YOUR ASSIGNMENT
Pictures stay out of the copy. Retype exactly the lines below from the one with "La tela base" through the one with "我が家の玄関に生けた「寒椿」・・・蕾からようやく花開きました。".

RECORDED DATA

---------------

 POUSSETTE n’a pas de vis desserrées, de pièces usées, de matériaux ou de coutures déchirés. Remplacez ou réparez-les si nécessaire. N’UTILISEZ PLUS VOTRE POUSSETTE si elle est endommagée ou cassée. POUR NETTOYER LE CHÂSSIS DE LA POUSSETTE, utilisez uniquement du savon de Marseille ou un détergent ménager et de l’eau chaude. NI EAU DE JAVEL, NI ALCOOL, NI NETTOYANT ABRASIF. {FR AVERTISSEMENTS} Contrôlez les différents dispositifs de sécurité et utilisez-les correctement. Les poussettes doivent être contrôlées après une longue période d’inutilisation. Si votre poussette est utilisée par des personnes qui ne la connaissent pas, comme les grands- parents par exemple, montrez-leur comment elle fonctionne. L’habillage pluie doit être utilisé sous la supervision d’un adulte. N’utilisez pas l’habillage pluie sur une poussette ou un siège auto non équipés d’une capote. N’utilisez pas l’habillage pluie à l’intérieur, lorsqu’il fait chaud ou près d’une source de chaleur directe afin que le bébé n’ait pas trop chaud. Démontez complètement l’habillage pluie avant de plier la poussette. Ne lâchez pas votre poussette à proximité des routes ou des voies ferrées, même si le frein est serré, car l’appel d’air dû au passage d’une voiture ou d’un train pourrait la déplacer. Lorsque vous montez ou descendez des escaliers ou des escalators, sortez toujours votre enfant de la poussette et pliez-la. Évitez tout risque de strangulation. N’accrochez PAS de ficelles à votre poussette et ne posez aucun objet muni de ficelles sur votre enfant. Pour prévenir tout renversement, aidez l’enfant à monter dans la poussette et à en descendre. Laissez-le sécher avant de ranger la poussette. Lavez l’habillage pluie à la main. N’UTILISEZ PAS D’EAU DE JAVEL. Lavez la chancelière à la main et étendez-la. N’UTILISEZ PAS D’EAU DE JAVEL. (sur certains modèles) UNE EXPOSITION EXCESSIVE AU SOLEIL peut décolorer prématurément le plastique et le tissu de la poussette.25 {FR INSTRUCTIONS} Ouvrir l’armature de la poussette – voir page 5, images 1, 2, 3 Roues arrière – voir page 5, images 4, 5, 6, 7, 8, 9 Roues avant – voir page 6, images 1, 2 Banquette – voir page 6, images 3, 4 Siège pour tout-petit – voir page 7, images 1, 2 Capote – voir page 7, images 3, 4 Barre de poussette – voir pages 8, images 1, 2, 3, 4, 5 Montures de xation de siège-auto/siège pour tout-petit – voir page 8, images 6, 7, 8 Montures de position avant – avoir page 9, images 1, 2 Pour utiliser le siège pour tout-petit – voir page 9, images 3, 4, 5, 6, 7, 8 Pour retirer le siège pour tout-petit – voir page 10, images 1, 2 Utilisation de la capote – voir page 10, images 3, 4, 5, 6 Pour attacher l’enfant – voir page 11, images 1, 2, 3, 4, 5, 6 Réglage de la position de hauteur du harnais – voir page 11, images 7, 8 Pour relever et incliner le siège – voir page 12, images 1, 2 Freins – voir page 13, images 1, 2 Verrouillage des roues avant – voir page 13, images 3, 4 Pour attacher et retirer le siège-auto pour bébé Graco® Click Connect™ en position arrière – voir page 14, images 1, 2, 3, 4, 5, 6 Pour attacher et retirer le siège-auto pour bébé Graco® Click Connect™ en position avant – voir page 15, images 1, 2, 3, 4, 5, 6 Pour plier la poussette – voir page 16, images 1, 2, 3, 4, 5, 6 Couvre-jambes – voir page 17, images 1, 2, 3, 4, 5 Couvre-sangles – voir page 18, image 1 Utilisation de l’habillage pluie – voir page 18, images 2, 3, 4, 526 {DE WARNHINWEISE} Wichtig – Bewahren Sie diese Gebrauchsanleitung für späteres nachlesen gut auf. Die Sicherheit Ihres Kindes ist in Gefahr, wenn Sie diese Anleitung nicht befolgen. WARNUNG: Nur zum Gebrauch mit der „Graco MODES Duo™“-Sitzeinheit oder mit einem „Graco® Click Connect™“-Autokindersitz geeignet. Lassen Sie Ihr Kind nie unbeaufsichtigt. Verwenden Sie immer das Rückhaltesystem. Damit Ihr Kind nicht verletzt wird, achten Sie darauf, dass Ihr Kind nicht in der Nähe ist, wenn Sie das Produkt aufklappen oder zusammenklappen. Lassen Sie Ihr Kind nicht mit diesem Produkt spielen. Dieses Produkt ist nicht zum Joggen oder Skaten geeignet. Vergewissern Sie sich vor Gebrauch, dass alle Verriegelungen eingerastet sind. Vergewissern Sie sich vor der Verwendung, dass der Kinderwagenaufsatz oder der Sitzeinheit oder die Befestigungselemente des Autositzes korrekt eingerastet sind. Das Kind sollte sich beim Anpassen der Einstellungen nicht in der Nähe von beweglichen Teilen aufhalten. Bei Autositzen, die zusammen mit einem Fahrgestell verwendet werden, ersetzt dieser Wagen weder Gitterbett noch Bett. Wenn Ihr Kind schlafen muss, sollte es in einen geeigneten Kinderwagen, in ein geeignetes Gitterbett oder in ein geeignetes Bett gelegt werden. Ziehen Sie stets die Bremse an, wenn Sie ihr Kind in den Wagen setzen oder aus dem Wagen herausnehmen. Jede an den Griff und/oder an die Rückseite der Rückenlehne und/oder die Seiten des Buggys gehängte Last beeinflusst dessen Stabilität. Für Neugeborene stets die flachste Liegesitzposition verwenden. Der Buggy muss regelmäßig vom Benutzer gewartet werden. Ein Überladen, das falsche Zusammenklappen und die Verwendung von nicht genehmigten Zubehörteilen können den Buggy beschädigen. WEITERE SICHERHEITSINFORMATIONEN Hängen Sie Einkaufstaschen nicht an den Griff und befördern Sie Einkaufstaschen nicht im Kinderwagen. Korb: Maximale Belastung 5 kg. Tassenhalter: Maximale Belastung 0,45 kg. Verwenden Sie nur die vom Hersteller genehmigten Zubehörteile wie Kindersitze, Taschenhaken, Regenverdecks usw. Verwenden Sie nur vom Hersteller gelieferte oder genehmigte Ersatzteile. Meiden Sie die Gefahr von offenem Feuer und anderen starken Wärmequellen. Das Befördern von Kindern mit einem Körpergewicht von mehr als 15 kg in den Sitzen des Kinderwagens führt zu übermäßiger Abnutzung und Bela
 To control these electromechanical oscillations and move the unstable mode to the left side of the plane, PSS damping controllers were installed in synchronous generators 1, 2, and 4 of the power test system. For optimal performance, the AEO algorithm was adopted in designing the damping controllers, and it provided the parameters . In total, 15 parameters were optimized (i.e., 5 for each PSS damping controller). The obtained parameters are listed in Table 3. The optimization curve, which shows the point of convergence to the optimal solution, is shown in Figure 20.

---------------

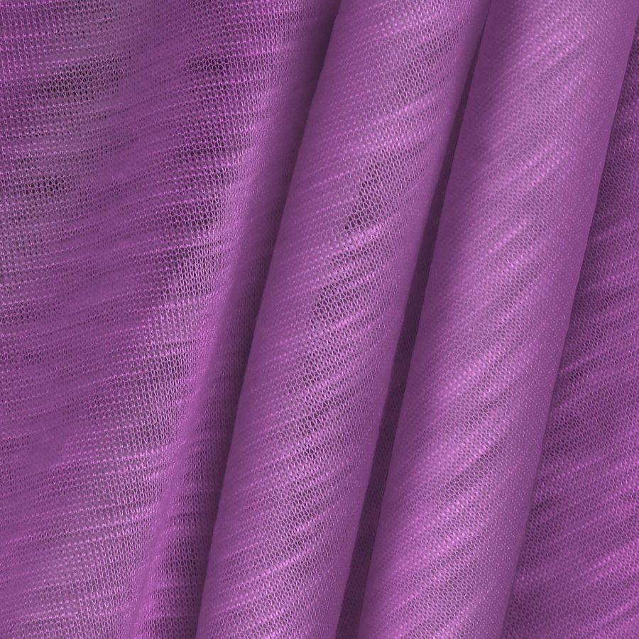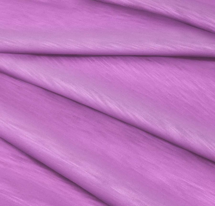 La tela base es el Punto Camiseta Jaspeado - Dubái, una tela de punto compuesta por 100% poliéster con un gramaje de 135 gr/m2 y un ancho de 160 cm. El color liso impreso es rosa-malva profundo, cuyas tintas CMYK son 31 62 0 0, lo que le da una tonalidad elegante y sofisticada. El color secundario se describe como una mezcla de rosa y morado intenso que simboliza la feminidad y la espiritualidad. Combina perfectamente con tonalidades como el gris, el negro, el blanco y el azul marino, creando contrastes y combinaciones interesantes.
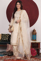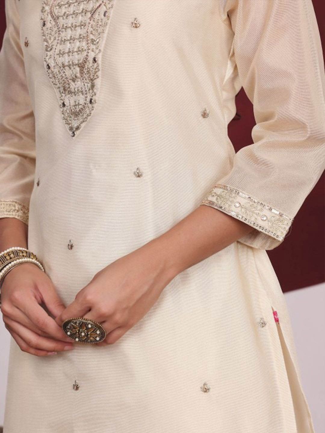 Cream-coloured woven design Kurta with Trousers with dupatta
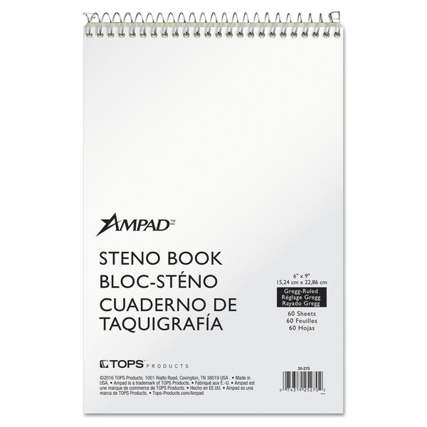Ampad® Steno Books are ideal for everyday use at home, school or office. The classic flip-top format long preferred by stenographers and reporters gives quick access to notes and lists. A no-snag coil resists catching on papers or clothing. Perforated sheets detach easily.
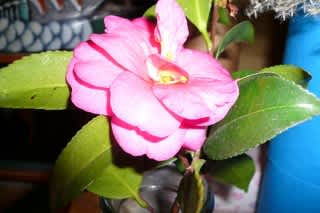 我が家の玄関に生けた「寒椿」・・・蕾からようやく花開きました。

---------------

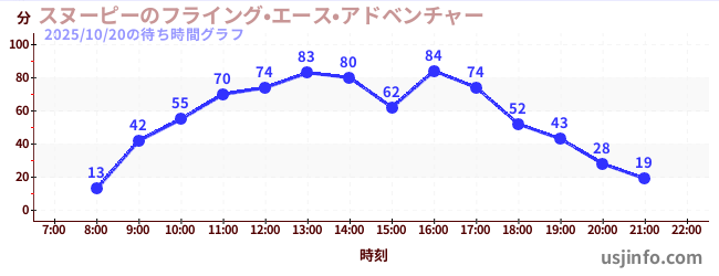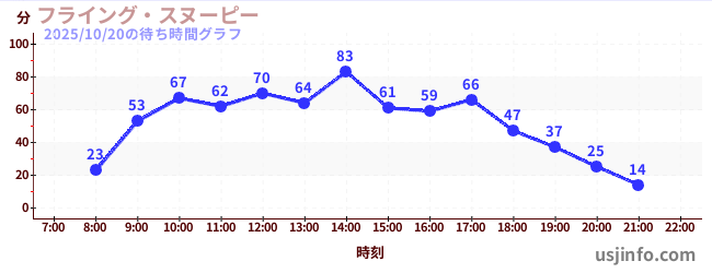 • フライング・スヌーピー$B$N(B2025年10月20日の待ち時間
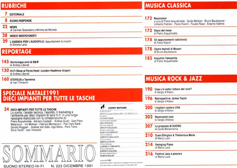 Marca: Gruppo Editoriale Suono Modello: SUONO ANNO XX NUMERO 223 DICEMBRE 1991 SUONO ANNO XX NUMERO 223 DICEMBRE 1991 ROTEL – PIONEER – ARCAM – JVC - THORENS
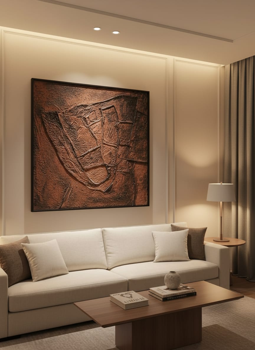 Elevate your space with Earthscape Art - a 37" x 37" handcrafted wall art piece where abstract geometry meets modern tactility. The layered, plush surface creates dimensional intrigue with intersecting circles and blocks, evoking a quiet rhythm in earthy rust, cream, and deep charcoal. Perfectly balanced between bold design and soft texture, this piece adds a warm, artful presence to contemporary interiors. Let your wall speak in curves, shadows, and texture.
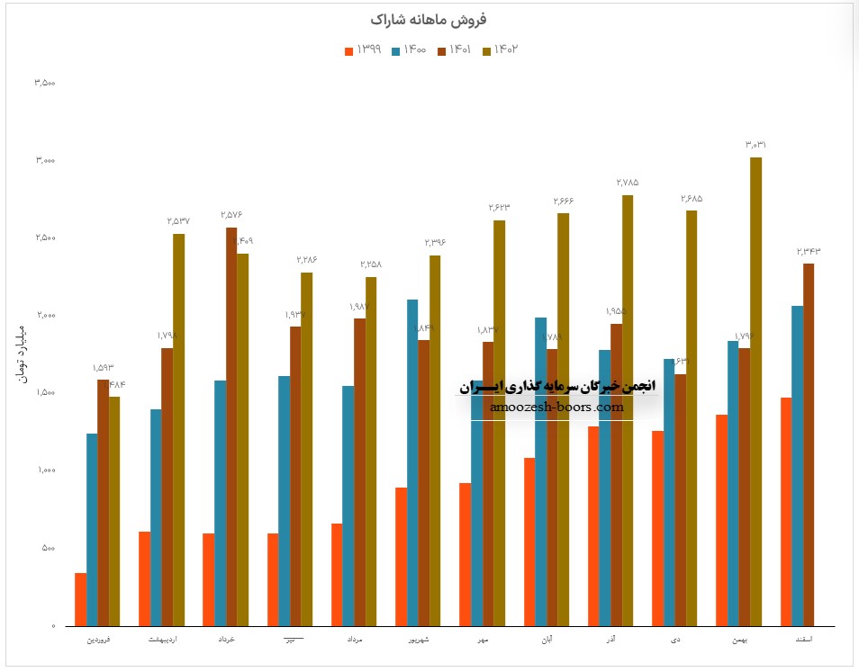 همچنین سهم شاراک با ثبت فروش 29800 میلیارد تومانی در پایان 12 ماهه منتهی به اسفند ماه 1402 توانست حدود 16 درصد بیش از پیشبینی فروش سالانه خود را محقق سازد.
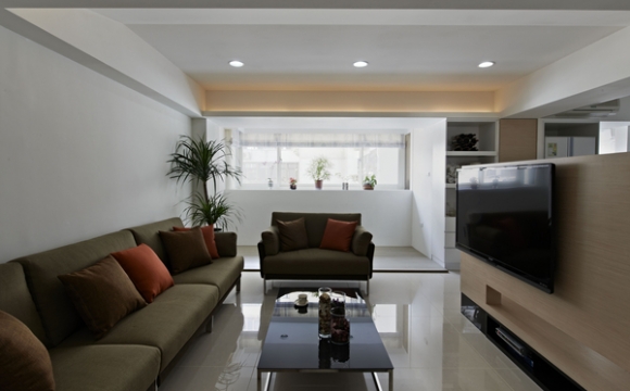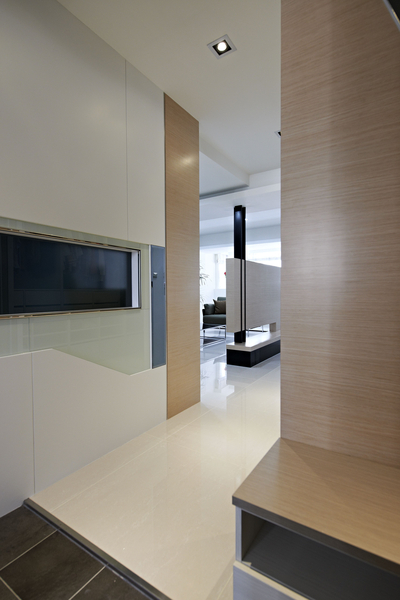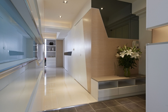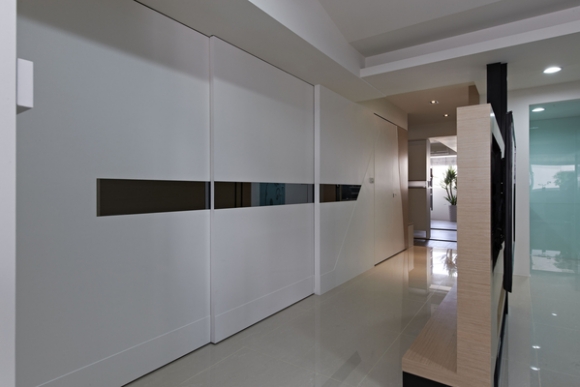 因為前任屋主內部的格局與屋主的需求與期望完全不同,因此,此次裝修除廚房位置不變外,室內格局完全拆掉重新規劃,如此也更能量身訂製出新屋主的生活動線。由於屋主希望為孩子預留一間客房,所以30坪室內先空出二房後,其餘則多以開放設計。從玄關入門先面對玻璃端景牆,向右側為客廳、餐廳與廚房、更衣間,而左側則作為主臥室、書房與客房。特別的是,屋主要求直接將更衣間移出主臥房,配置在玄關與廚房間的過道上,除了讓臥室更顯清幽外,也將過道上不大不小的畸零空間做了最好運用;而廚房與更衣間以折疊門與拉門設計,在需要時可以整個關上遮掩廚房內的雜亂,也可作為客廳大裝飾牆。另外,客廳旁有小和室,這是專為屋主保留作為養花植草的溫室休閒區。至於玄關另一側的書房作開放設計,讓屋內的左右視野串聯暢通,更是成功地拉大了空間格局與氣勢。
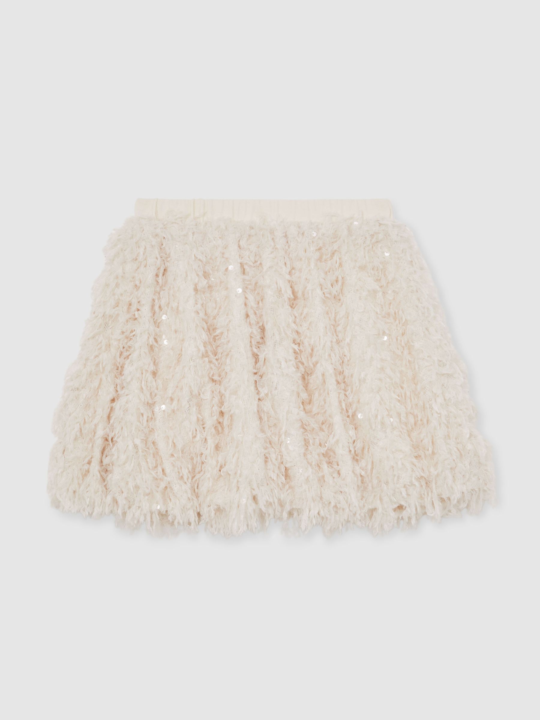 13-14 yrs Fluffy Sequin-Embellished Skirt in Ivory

---------------

ANSWER FOR THIS EXERCISE
 La tela base es el Punto Camiseta Jaspeado - Dubái, una tela de punto compuesta por 100% poliéster con un gramaje de 135 gr/m2 y un ancho de 160 cm. El color liso impreso es rosa-malva profundo, cuyas tintas CMYK son 31 62 0 0, lo que le da una tonalidad elegante y sofisticada. El color secundario se describe como una mezcla de rosa y morado intenso que simboliza la feminidad y la espiritualidad. Combina perfectamente con tonalidades como el gris, el negro, el blanco y el azul marino, creando contrastes y combinaciones interesantes.
 Cream-coloured woven design Kurta with Trousers with dupatta
Ampad® Steno Books are ideal for everyday use at home, school or office. The classic flip-top format long preferred by stenographers and reporters gives quick access to notes and lists. A no-snag coil resists catching on papers or clothing. Perforated sheets detach easily.
 我が家の玄関に生けた「寒椿」・・・蕾からようやく花開きました。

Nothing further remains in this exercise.